Children bring to the dialogue what Dewey (1916) referred to as an

extraordinary (relative to adults) "plasticity," or "the power to modify actions

on the basis of the results of prior experiences, the power to develop

dispositions" (p.44). The child brings the power to grow--a power which

adults have, more often than not, lost to one degree or another.

Perhaps the word "dialogue" is inappropriate, given the greater power

of the adult's positioning in the interaction. But it is just in this disparity that

the opportunity for growth among parents and caregivers lies. It seems to be

the case that the more adults recognize that aspect of themselves which is

still a "child," the more mature they become--i.e., the more both objective

and empathic they are able to be in relation to children themselves (Misgeld,

1985). The more adults are able to recognize that the human life cycle

involves a dialectical interplay between "adult" and "child," the less they see

childhood as something to be outgrown or eradicated, and the more they are

able to relate to children as persons, rather than as screens for projection.

A second, related implication of this inquiry is that there may be a

historical movement--if not an "evolution" then a progression of some kind--

in the history of the adult-child relation. This movement has radically

effected the actual history of childhood per se--i.e. the way adults construct
KENNEDY THE ROOTS OF CHILD STUDY
the world for children, the attention they pay to them, the care they exercise

for them, the extent to which they seek their good. If our new ideal of adult

maturity includes childhood rather than excluding it, then our notions of

optimal child rearing and education will change.

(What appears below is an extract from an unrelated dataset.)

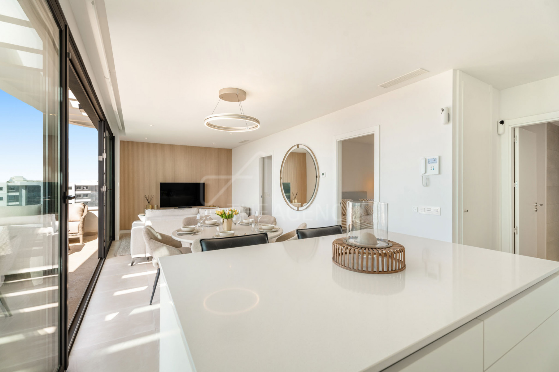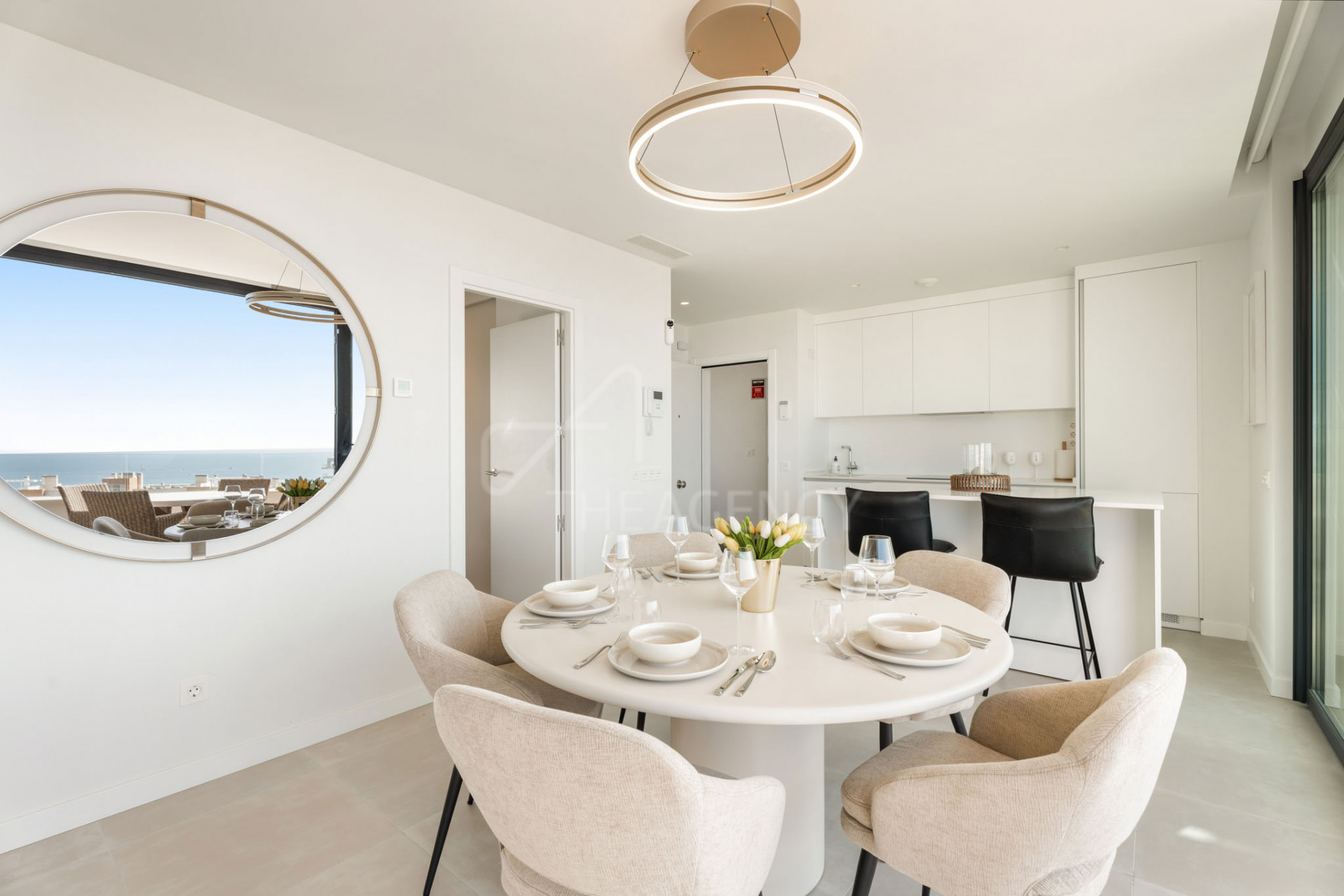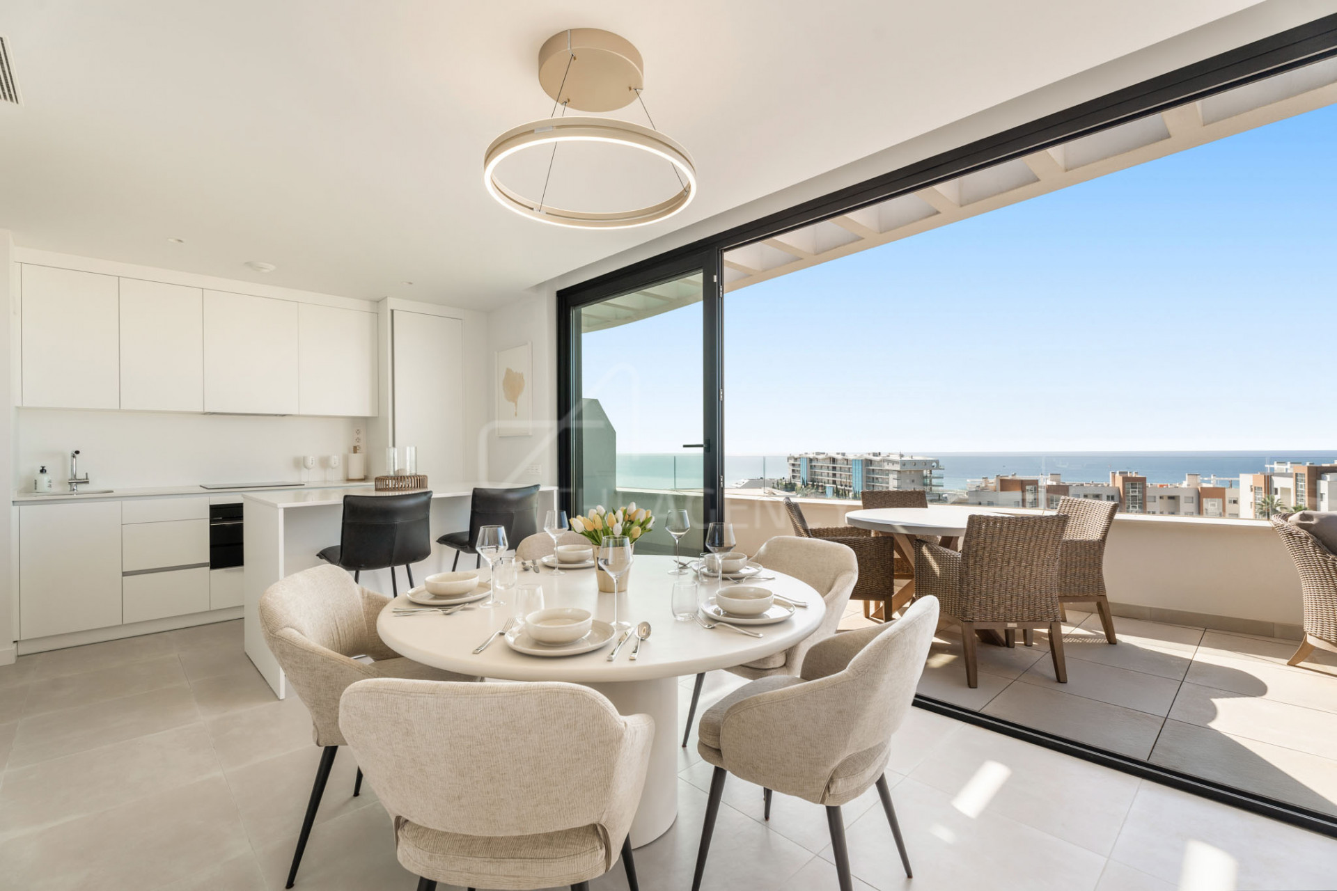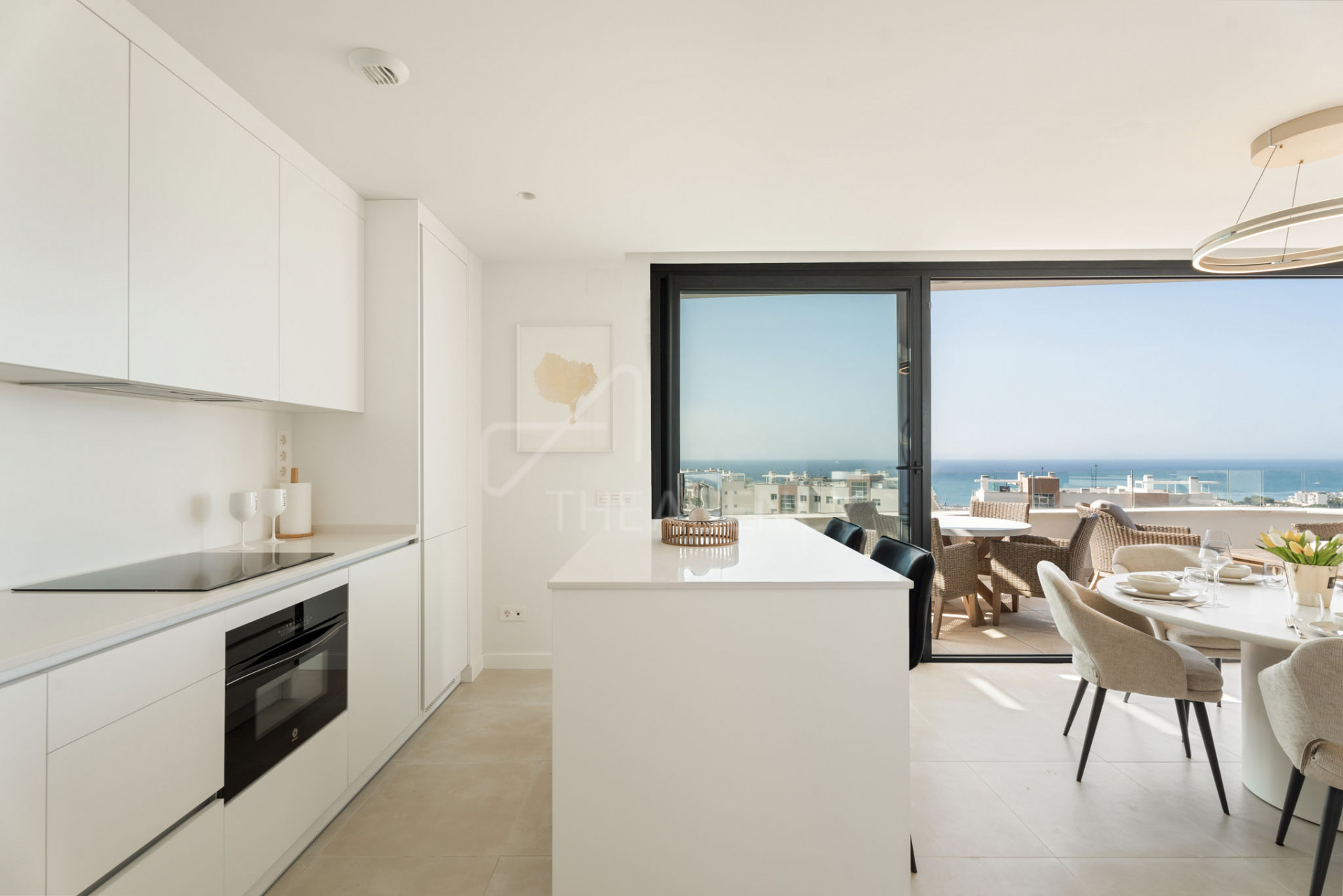 The open-plan layout connects the kitchen, dining, and living areas, with floor-to-ceiling windows that open to terraces facing the sea. The kitchen is fully equipped with integrated appliances and streamlined cabinetry. Interior finishes are clean and modern, with a consistent palette and durable materials used throughout.

The most significant metaphor uncovered by thinking about childhood

in this way seems to be a hermeneutical one. The adult is a "hermeneut" or

interpreter of childhood. Through dialogue with the forms of life of childhood,

the adult reappropriates, recreates, and re-constellates childhood as an

element of the teleology of her own life-cycle. This makes, not for more

"childish" adults, but perhaps for more "childlike" adults--a new relationship

to one's instinctual and affective life, and one's sense of integration of the

various elements of one's self. The adult's increased ability to overcome the

ambivalence which the child's relative instinctual freedom produces, leads to

a reconstruction of the child which allows the latter a greater voice in the

adult-child dialogue, which leads to a further reconstruction, etc. Adults who

are in dialogical relation with their own "child" have greater capacity to, in

Dewey's terms, "grow," and therefore to raise children who have that same

capacity.

Are there more of these adult "hermeneuts" in the world today than

there were in the past? It may be true that we cannot postulate a global

evolution. There may be just as many murdering, abandoning, ambivalent

and intrusive adults raising children today as there are socializing and
empathic. But if the psychohistorical processes which have led to the

empathic mode have increased by even a small amount, there is reason for

hope, not only for childhood, but necessarily for human adulthood as well.